A new study shows that kids who watched commercials for food before a cartoon and then were fed afterwards ate more than the children that didn't see the ads. In fact Dr. Jason Halford said that: "Our research confirms food TV advertising has a profound effect on all children's eating habits -- doubling their consumption rate."

Damn. 

I have decided to blame Taco Bell commercials for my fat ass. I have also decided to start TiVoing (it is a word for me) ads for vegetables to see if it influences my daughter. I'm not going to hold my breath or anything, but I am desperate.

Look, I'm not going to sit here and say that the results of this study aren't true, but I will sit here and say that television is a wonderful scapegoat. While watching commercials for food absolutely makes me want to eat more, I have the power to control my own caloric intake. I can also control (sort of) what my children eat. Come on parents. Let's own up to some of this responsibility. 


Comments

 

Lena said:

But it is a losing battle! I hate the mentality of placing all the responsibility to fight off this manipulation on one person (or two): the parents. These commercials are created by people who studied psychology and the manipulation of rats among many, many other subjects for many, many years and these are people who invest millions -- no billions -- in figuring out how to manipulate us, especially our kids, especially how to get around us (we parents who are as you suggest owning up to the responsibility) and get directly at our kids.

I am so frustrated with the broad application of "personal responsibilty," as if the playing field is even. It's rigged against the individual and these studies dig down and show that.

Just as you have said in previous posts, TV is practically indispensible in just getting through pre-dinner time. But the commericals aimed at kids are just so well-done and effective (for selling the product, not for the parent or child's well-being).

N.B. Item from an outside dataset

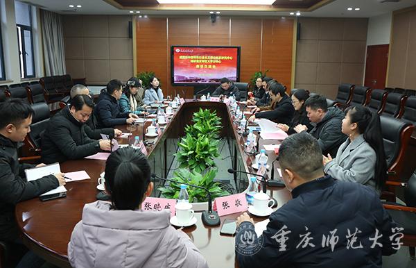 2021年12月28日下午,beat365官网在博雅楼501会议室举行重庆市中国特色社会主义理论体系研究中心调研beat365在线体育官网登录入口分中心座谈交流会。重庆社会科学院副院长朱高云,市中特中心秘书处处长李钰、副处长张永恒等一行7人,beat365官网党委常委、副校长陆远权以及宣传部、科研处、马克思主义学院主要负责人,马克思主义学院和经济与管理学院教师代表参加会议。校党委宣传部部长党亚莲主持会议。

Some countries ban advertisements aimed at those under a certain age. I am sooooo personally responsible for being on board with that one.

April 25, 2007 9:59 AM
 

Grammy said:

What we need are commercials that tell kids how great fruits and especially vegetables are.  Yeah, that will show those fast food places.

April 25, 2007 1:12 PM
 

Liane said:

"I have decided to blame Taco Bell commercials for my fat ass."

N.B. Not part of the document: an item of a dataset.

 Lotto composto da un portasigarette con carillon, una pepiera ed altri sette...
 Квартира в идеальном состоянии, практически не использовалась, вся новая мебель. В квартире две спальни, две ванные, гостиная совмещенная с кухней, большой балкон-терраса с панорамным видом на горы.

I'm sitting at work, laughing aloud like a complete idiot.

April 25, 2007 1:23 PM
 

mom101 said:

Lena, as someone who writes commercials for a living (you can lynch me later) I can assure you that my psychology studies ended with Psych 101 freshman year, and I don't know anything about manipulating rats, whatever that means. Although I'm flattered that you give us all so much credit.

Mostly creative teams approach a project like, "hey..this would be a funny thing to do in 30 seconds right? I could win an award for that, right?" and that's pretty much what ends up on air.

Here's my thinking as a parent: Don't give your kid twice the portions and they won't eat twice the amount. Don't give them a Big Mac and they can't eat a Big Mac. Don't watch commercial tv and they can't ask for what's in the commercials.

Sarah nailed it with this one.

April 25, 2007 4:16 PM
 

Lena said:

Sorry, mom101, but you're wrong too. Well, not wrong, but not totally right. You write the commericals but they have to meet specific criteria. On up the food chain at your agency, they know what's going on. You're not writing commericals in a vacuum, just making fun stuff to watch, you're getting your clients' potential customers to identify with the clients brand. You're guiding the clients' target audience to interact with the brand, to not just want the brand but need it. HOw do you do that with little kids? You -- well, not you, you're just creating the commercial, all the work has already been done -- the client does market research, the innovators in advertising and brand management and branding do market research, play with the rats, figure out what gets emotional responses -- colors, sounds, scenes, faces -- and that all trickles down to you and your creative team.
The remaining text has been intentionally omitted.